Upon resolution, you can directly do:

```python
bool_val = config.variables.my_task.bool  # boolean
my_loop = config.variables.my_task.my_loop  # list -> ['A', 'B', 'C']
checkpoint = config.variables.my_task.checkpoint_path  # string -> /Volumes/dev_target_catalog/my_schema/...
```

All references like `${var.bool}` or `${bundle.target}` are automatically resolved, preserving structure and types. This means **no more manual parsing** or casting in your code.

---

## Parameter Retrieval with Widgets

When running inside a Databricks Job, you might define widgets in the **Job configuration**. BetterBundleConfig provides a helpful method:

```python
# Retrieve a parameter. Check dbutils.widgets first. If not present, fall back to config default.
value = config.get_with_widgets(name="some_param", default="fallback_value")
print("Param Value:", value)
```

**What this does**:

- Tries `dbutils.widgets.get("some_param")`. If it exists, it automatically casts booleans and JSON strings into Python types.
- If the widget doesn’t exist, it falls back to `config.get("some_param", default="fallback_value")`.

---

## Additional Examples

### 1. Overriding Variables at Runtime

Databricks allows you to set widget parameters when creating a job or running a notebook. For instance:

```python
dbutils.widgets.text("override_catalog", "override_val")
final_catalog = config.get_with_widgets("override_catalog", default=config.variables.target_catalog)
print("Final Catalog:", final_catalog)
```

- If the job param `override_catalog` was provided, you’ll see that value.
- Otherwise, it uses `config.variables.target_catalog`.
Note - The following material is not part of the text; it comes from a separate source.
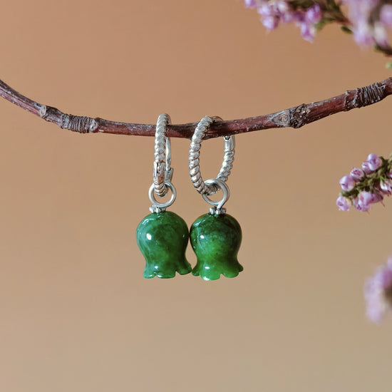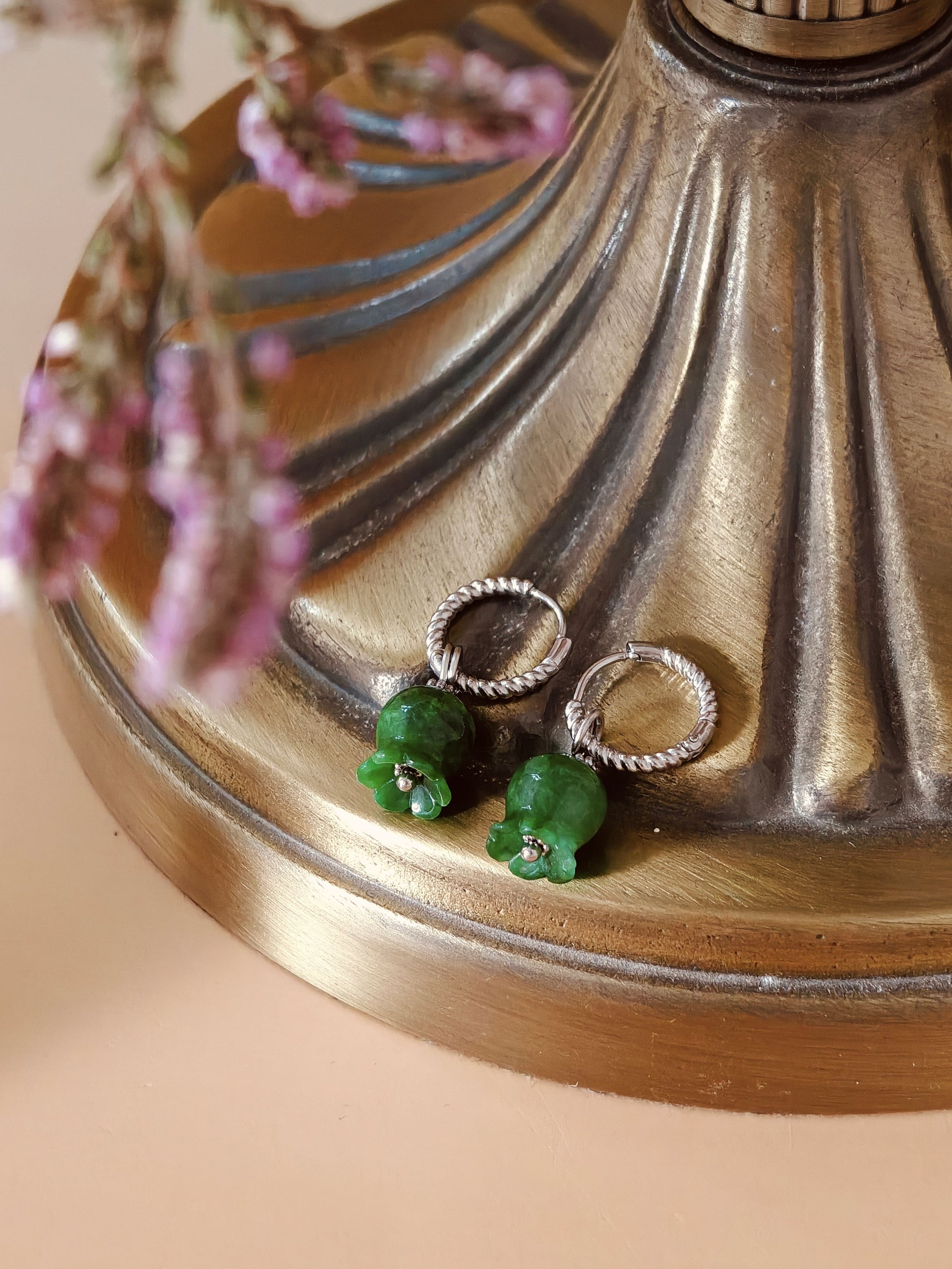 Green Jade is revered for its calming energy and protective qualities, symbolizing clarity, peace, and resilience. Paired with the lily—an emblem of purity and renewal—these earrings become wearable meditations on inner harmony and graceful transformation.

### 2. Accessing Git and User Data

If you’re working in a Databricks Notebook, BetterBundleConfig automatically populates Git metadata and the current Databricks user info when building with YAML:

```python
git_info = config.bundle.git
user_info = config.workspace.current_user

print("Git branch:", git_info.branch)
print("Current user:", user_info.user_name)
```

If you’re developing **locally**, Git data is read from your local repository. If you’re in the Databricks **workspace**, Git data is extracted from the MLflow context variables.

### 3. Printing the Entire Merged Config

You can see a fully expanded, merged, resolved config representation by:

```python
print("==== Full Config ====")
print(config)
```

This can be extremely useful for debugging or verifying that references are resolved correctly.

---

## Summary

**BetterBundleConfig** streamlines Databricks Bundle deployments by letting you:

1. **Define parameters only once** in YAML, avoiding duplication in `dbutils.widgets`.
2. **Automatically handle casting and defaults**, solving common type issues with string-based widgets.
3. **Leverage complex objects**, enabling sophisticated multi-step or nested configurations without manual JSON parsing.
4. **Integrate easily with Databricks Jobs**, using `get_with_widgets` to pick up job parameters at runtime.